Challenge URL: https://app.hackthebox.com/challenges/Weak%2520RSA
Time required: 1h
Date solved: 2024-09-02

The challenge contains these instructions:

Can you decrypt the message and get the flag?

Unpacking the challenge archive file

unzip  -P hackthebox challenges/weak_rsa/"Weak RSA.zip" \
  -d challenges/weak_rsa

The archive contains two files:

inflating: challenges/weak_rsa/flag.enc
inflating: challenges/weak_rsa/key.pub

Decoding the public key

The file key.pub looks like a RSA public key. We print the contents in text form using openssl rsa -text:

openssl rsa -pubin -in challenges/weak_rsa/key.pub -text -noout

RSA public keys contain two large integers: modulus and exponent.

RSA Public-Key: (1026 bit)
Modulus:
    03:30:3b:79:0f:b1:49:da:34:06:d4:95:ab:9b:9f:
    b8:a9:e2:93:44:5e:3b:d4:3b:18:ef:2f:05:21:b7:
    26:eb:e8:d8:38:ba:77:4b:b5:24:0f:08:f7:fb:ca:
    0a:14:2a:1d:4a:61:ea:97:32:94:e6:84:a8:d1:a2:
    cd:f1:8a:84:f2:db:70:99:b8:e9:77:58:8b:0b:89:
    12:92:55:8c:aa:05:cf:5d:f2:bc:63:34:c5:ee:50:
    83:a2:34:ed:fc:79:a9:5c:47:8a:78:e3:37:c7:23:
    ae:88:34:fb:8a:99:31:b7:45:03:ff:ea:9e:61:bf:
    53:d8:71:69:84:ac:47:83:7b
Exponent:
    61:17:c6:04:48:b1:39:45:1a:b5:b6:0b:62:57:a1:
    2b:da:90:c0:96:0f:ad:1e:00:7d:16:d8:fa:43:aa:
    5a:aa:38:50:fc:24:0e:54:14:ad:2b:a1:09:0e:8e:
    12:d6:49:5b:bc:73:a0:cb:a5:62:50:42:55:c7:3e:
    a3:fb:d3:6a:88:83:f8:31:da:8d:1b:9b:81:33:ac:
    21:09:e2:06:28:e8:0c:7e:53:ba:ba:4c:e5:a1:42:
    98:81:1e:70:b4:a2:31:3c:91:4a:2a:32:17:c0:2e:
    95:1a:ae:e4:c9:eb:39:a3:f0:80:35:7b:53:3a:6c:
    ca:95:17:cb:2b:95:bf:cd

Bonus round: We can use openssl asn to show the underlying raw ASN.1 syntax:

openssl asn1parse -in challenges/weak_rsa/key.pub

This shows the above openssl rsa -text output structure in its original ASN.1 form:

    0:d=0  hl=4 l= 287 cons: SEQUENCE
    4:d=1  hl=2 l=  13 cons: SEQUENCE
    6:d=2  hl=2 l=   9 prim: OBJECT            :rsaEncryption
   17:d=2  hl=2 l=   0 prim: NULL
--- v contains modulus and exponent v ---
   19:d=1  hl=4 l= 268 prim: BIT STRING

Deriving the private key

We assume that the public key’s modulus and exponent let us derive the matching private key.
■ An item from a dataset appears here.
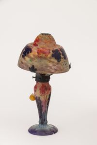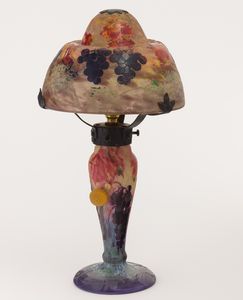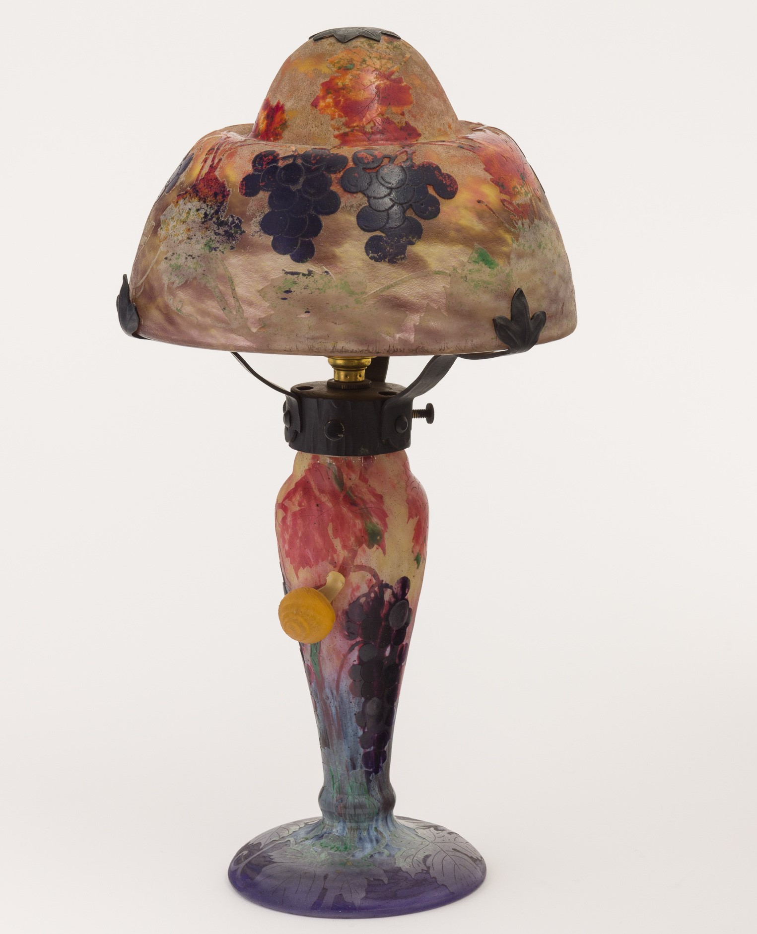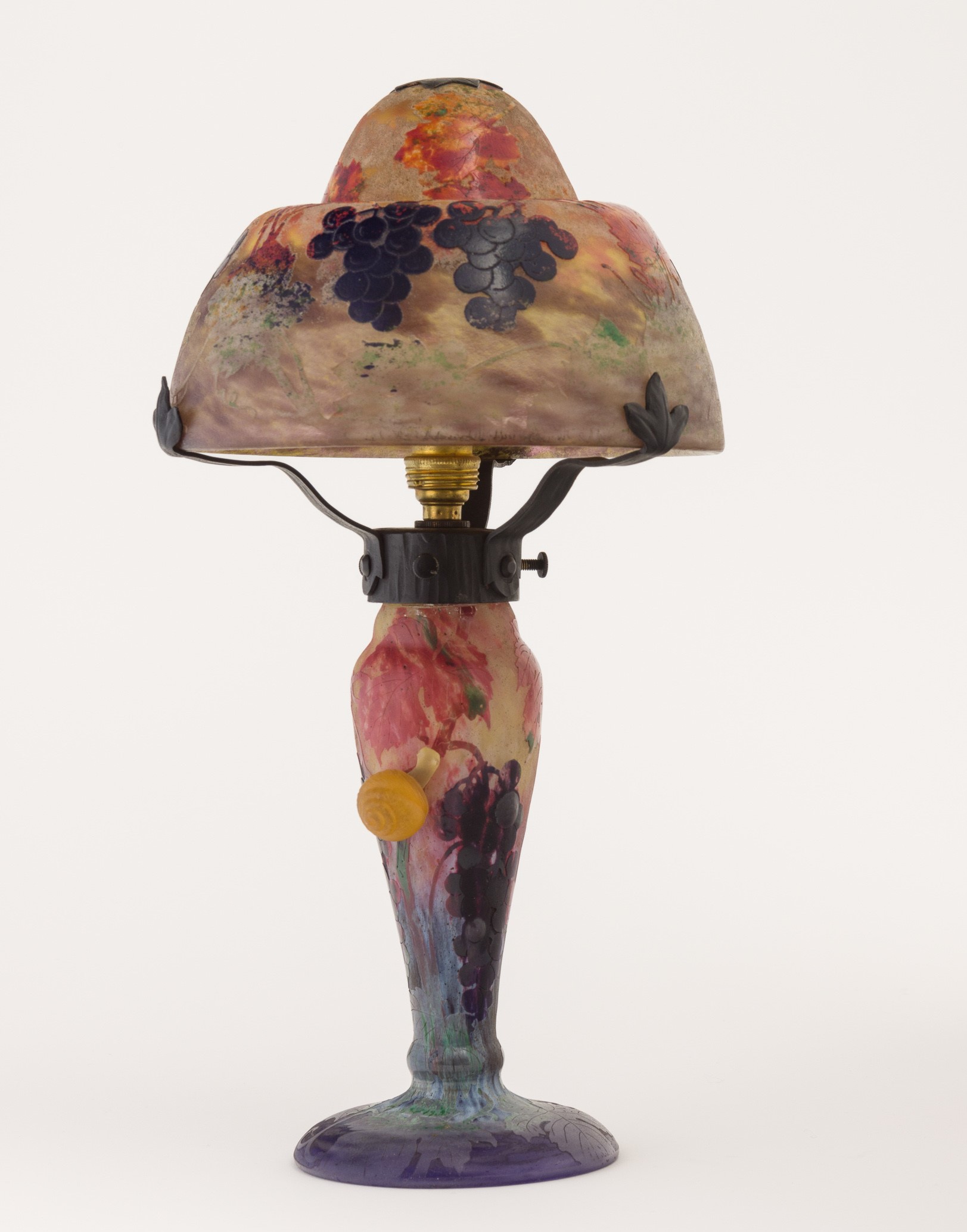 Rara lampada in vetro a cammeo con decoro di tralci d’uva e chiocciola in pasta vitrea applicata modellata a caldo.

The challenge author likely used this private key to encrypt challenges/weak_rsa/flag.enc. We received this file from the archive unpacked above.

To derive a public key modulus, you need to find two large primes. We try to derive these two primes, commonly called p and q. In weak RSA an attacker can factor the modulus without much effort. This will reveal the primes used to create the private key. With the private key leaked, an attacker can decipher any message encrypted with this key.

Using Python, we parse and print out the modulus and exponent as integers:

import re

modulus_raw = """
    03:30:3b:79:0f:b1:49:da:34:06:d4:95:ab:9b:9f:
    b8:a9:e2:93:44:5e:3b:d4:3b:18:ef:2f:05:21:b7:
    26:eb:e8:d8:38:ba:77:4b:b5:24:0f:08:f7:fb:ca:
    0a:14:2a:1d:4a:61:ea:97:32:94:e6:84:a8:d1:a2:
    cd:f1:8a:84:f2:db:70:99:b8:e9:77:58:8b:0b:89:
    12:92:55:8c:aa:05:cf:5d:f2:bc:63:34:c5:ee:50:
    83:a2:34:ed:fc:79:a9:5c:47:8a:78:e3:37:c7:23:
    ae:88:34:fb:8a:99:31:b7:45:03:ff:ea:9e:61:bf:
    53:d8:71:69:84:ac:47:83:7b
"""

exponent_raw = """
    61:17:c6:04:48:b1:39:45:1a:b5:b6:0b:62:57:a1:
    2b:da:90:c0:96:0f:ad:1e:00:7d:16:d8:fa:43:aa:
    5a:aa:38:50:fc:24:0e:54:14:ad:2b:a1:09:0e:8e:
    12:d6:49:5b:bc:73:a0:cb:a5:62:50:42:55:c7:3e:
    a3:fb:d3:6a:88:83:f8:31:da:8d:1b:9b:81:33:ac:
    21:09:e2:06:28:e8:0c:7e:53:ba:ba:4c:e5:a1:42:
    98:81:1e:70:b4:a2:31:3c:91:4a:2a:32:17:c0:2e:
    95:1a:ae:e4:c9:eb:39:a3:f0:80:35:7b:53:3a:6c:
    ca:95:17:cb:2b:95:bf:cd
"""

def parse(s: str) -> int:
    return int(re.sub(r"\s|:", "", s), 16)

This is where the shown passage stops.